AMQP (the protocol) basically requires this kind of behavior. Whenever anything "bad" happens, the state of the session becomes unknown (was the last message actually sent? was the last ack actually received? etc), and the only way to correct it is to kill the connection, create a new session, and start over.

Fixing that really needs to be at the protocol level, like a way to re-establish a previous session, or rollback the session state, or something. It's definitely hard mode for library authors to fix this in any kind of transparent way.

The qpid client libraries supported automatic transparent reconnection attempts, but in the end I usually had to disable them in order to add logic for what to do after reconnecting. IE, I needed to know the connection was lost in order to handle it anyways.

Nats has all of these features built in, and is a small standalone binary with optional persistence. I still don’t understand why it’s not more popular.
This also occurs when dealing with channel-level protocol exceptions, so this behavior is doubly important to get right. I think one of the hard parts here is that the client needs to be aware of these events in order to ensure that application level consistency requirements are being kept. The other part is that most of the client libraries I have seen are very imperative.
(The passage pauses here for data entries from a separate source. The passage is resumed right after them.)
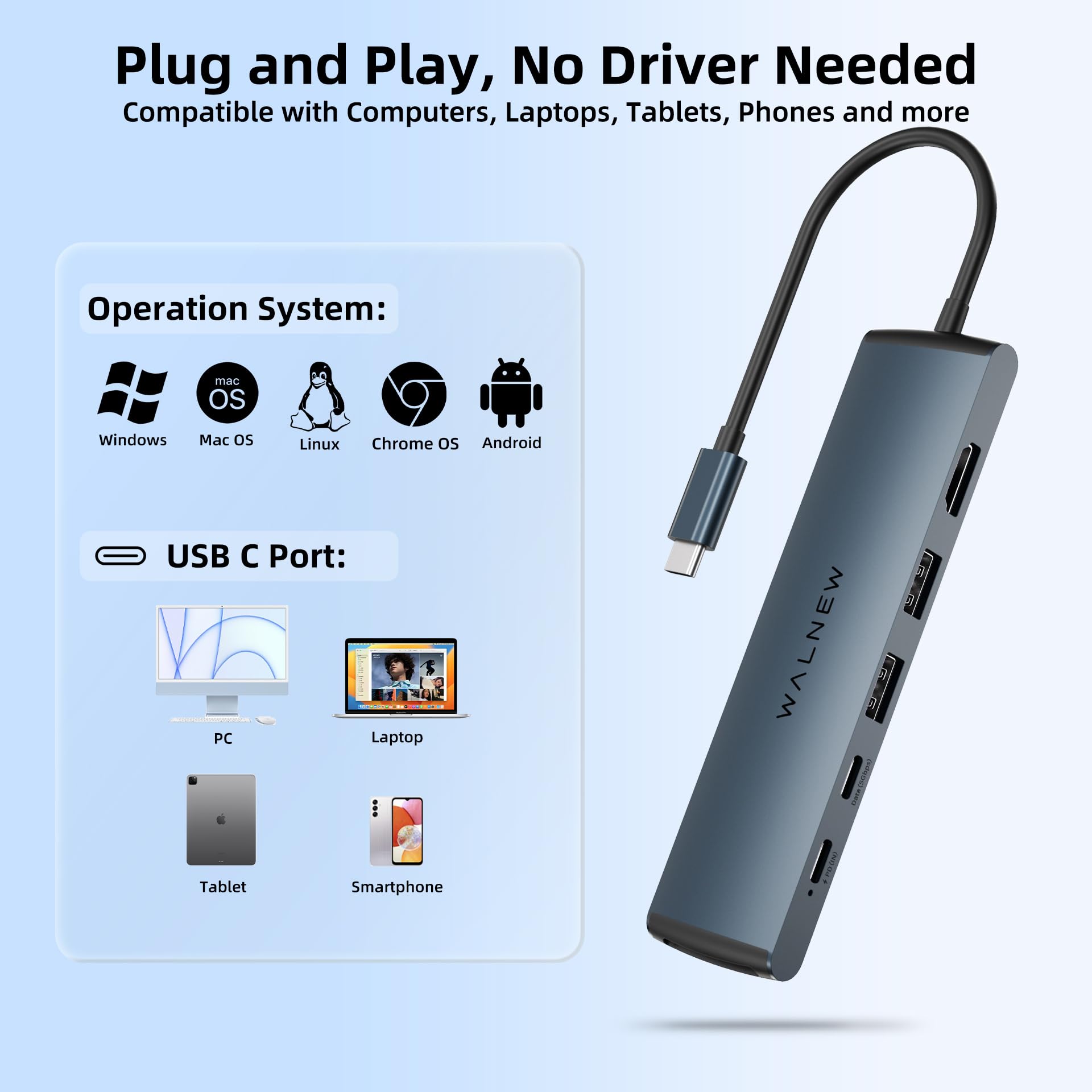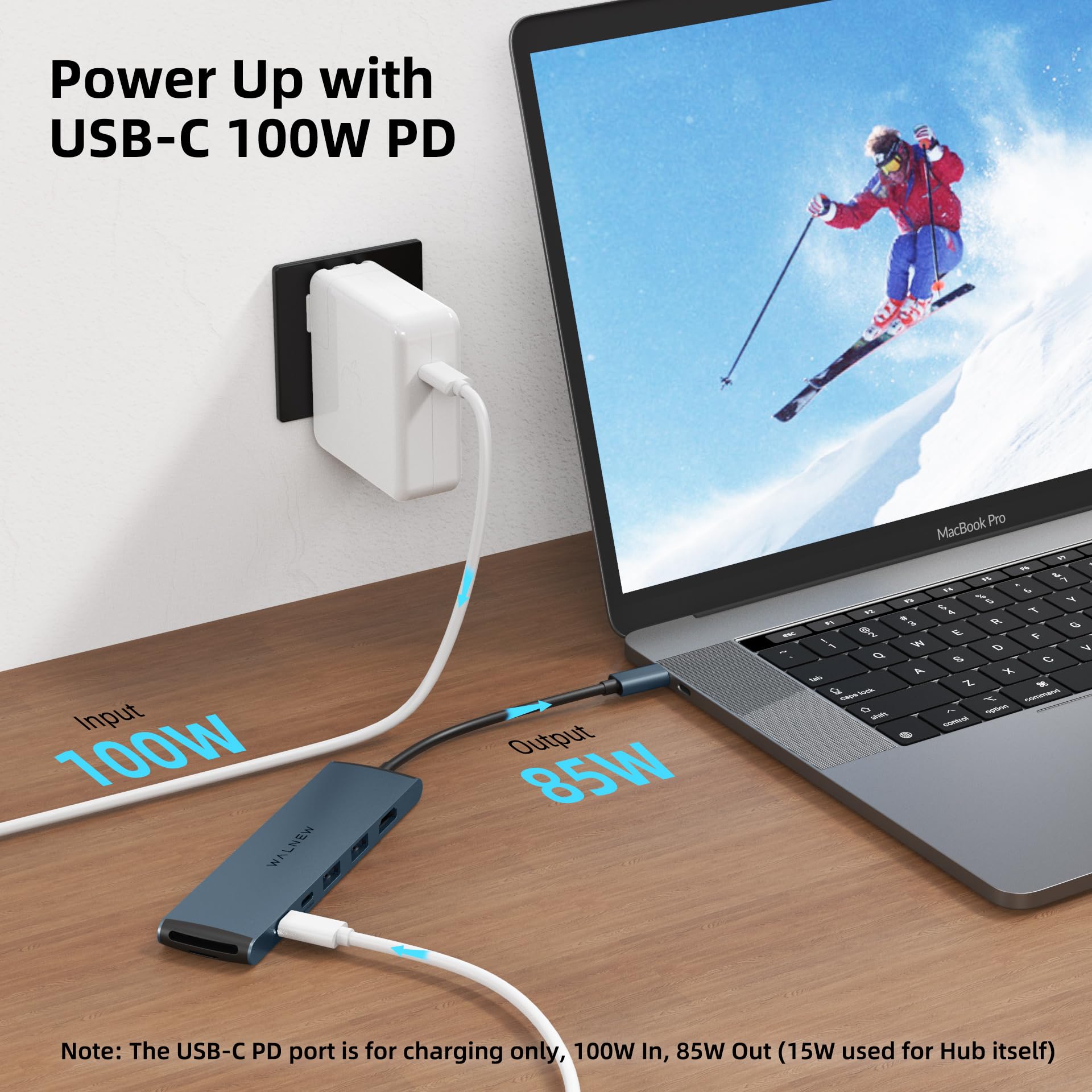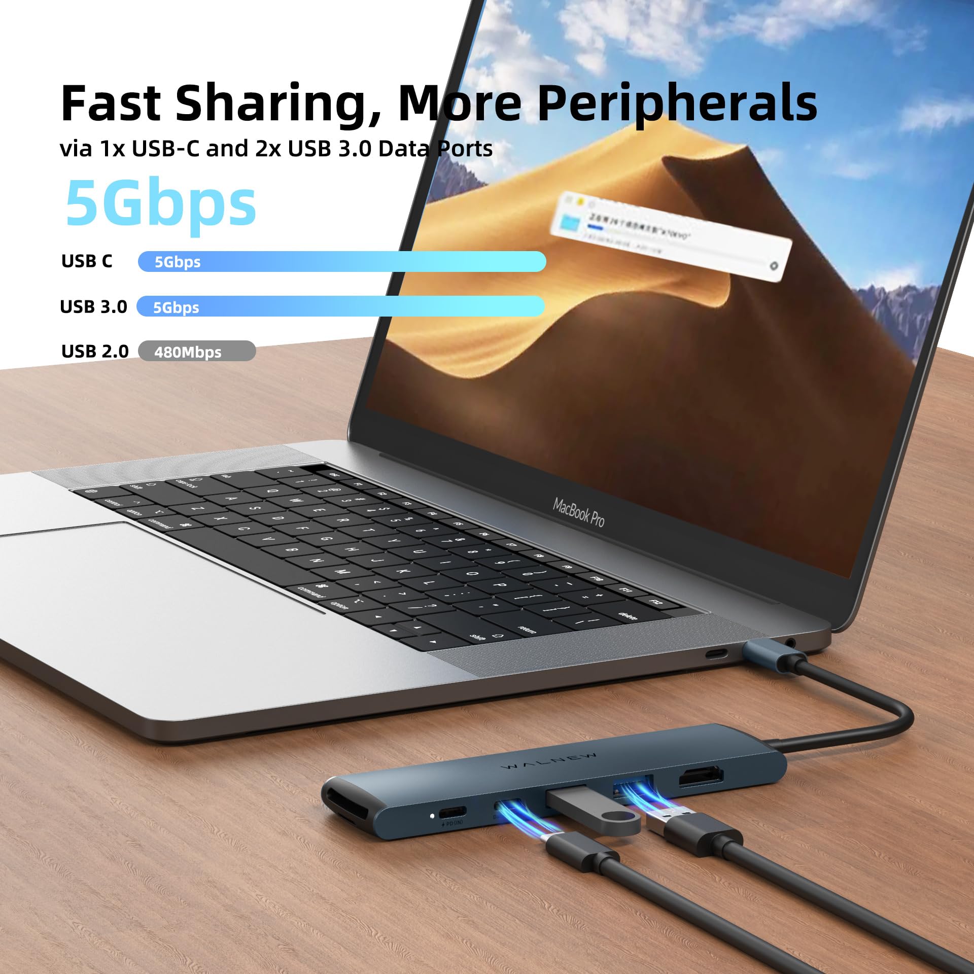 [7-in-1 USB-C Hub] The USB-C Hub features a 4K 30Hz HDMI, 100W USB-C Power Delivery (PD) input, three 5Gbps data ports (1 USB-C, 2 USB 3.0), and SD/MicroSD card slots. Its 7-in-1 design and 100 watt fast charging ensure your device maintain ample power while expanding various peripherals, boosting work efficiency.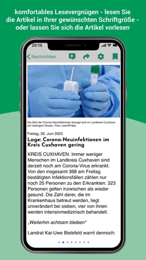 Lesen Sie alle Artikel in Ihrer bevorzugten Schriftgröße. Öffnen Sie dazu einen Artikel und ändern Sie dort per Schieberegler nach Bedarf die Schriftgröße oder Sie nutzen die Vorlesefunktion und lassen sich die Artikel einfach vorlesen.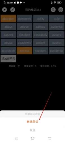 2、按住一会后,就会有下方窗口弹出,点击“删除单词”后就能成功将该单词删除了。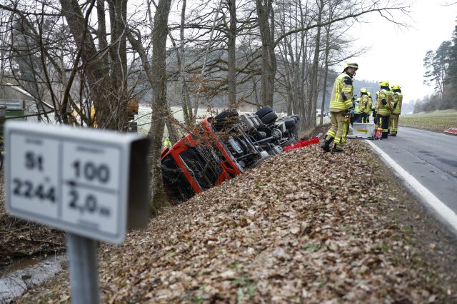 Zwischen Markt Erlbach und Kemmathen (Landkreis Neustadt an der Aisch) ist am Donnerstagvormittag (22.01.2026) ein Lastwagen von der Staatsstraße 2244 abgekommen und eine Böschung... mehr...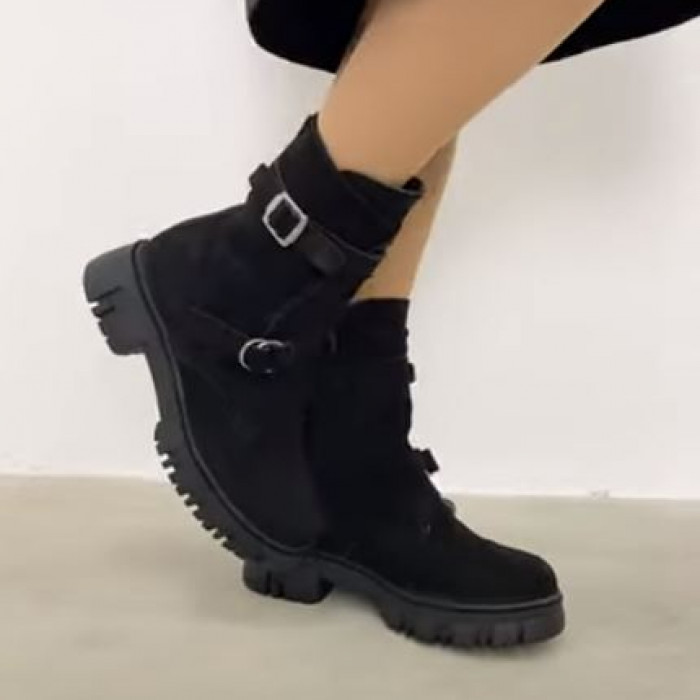 Ботинки BAROCCO 6743-254 черный мех из натуральной замши черного цвета - это стильный и практичный выбор для Вашего зимнего гардероба. Ключевыми особенностями являются широкие ремни с пряжками на подъёме и застежка на молнию с внутренней стороны, облегчающая надевание и снятие обуви.

It's much easier to handle retries at the library level when the client has specified what structures need to be declared again during a reconnect/channel-recreation.
Lol, your comment resonates deeply with me.
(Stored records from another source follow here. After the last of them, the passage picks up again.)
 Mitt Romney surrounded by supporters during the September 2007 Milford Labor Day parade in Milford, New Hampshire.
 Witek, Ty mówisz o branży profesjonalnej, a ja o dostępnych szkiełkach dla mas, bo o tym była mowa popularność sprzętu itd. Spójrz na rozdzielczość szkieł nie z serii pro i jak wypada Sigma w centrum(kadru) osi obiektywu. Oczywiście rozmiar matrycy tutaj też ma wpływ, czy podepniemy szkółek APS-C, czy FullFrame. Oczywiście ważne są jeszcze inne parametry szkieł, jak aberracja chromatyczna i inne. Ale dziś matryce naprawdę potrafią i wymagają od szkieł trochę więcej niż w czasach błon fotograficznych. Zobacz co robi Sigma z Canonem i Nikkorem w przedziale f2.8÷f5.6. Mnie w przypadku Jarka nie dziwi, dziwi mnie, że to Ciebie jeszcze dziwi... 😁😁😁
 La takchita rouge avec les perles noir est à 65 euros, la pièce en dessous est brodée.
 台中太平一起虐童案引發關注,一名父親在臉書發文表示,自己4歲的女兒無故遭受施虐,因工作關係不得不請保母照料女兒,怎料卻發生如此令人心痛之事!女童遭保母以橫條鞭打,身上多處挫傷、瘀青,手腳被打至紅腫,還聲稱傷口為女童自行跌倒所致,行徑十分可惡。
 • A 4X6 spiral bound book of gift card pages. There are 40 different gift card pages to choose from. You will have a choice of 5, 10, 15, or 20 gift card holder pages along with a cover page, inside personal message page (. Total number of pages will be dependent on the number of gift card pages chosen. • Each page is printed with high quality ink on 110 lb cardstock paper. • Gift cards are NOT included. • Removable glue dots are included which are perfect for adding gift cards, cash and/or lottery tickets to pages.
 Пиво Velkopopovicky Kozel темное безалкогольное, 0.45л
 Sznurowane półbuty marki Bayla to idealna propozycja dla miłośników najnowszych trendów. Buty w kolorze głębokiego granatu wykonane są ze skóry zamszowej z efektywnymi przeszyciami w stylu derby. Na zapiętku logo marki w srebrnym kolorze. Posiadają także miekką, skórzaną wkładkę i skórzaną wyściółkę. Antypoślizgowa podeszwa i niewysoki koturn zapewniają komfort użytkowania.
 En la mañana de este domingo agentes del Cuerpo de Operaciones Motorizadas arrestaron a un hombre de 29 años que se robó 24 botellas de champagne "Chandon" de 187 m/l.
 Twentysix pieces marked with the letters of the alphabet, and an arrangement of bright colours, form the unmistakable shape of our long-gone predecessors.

We've had RabbitMQ as part of our stack at my day job since time began, I think it's great software overall but boy are the client libraries a challenge.

We've built a generalised abstraction around first Pika and then pyamqp (because Pika had some odd issues, I forget the details of which) and while pyamqp seems better, it's still not without its odd warts.
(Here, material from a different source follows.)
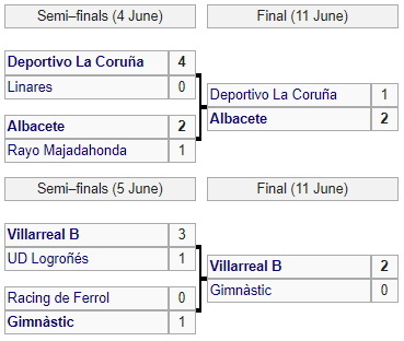 Вместе с «Альбасете» в классе (по итогам плей-офф) повысился «Вильярреал» B, обыгравший в решающем матче «Химнастик» Таррагона (2:0).

We ended up needing to develop a watchdog to wrap invocation of amqp.Connection.drain_events(timeout: int) because despite using the timeout, that call would very occasionally inexplicably block forever (with the only way to break it free being to call amqp.Connector.collect()).

My other data point was a time I built something to slice off a copy of production data for testing purposes (from instances of the system above) using Benthos (pretty cool software tbh, Go underneath), but it would inexplicably just stop consuming messages and I had no idea why (so I just went back to our gross but proven Python abstraction to achieve the same).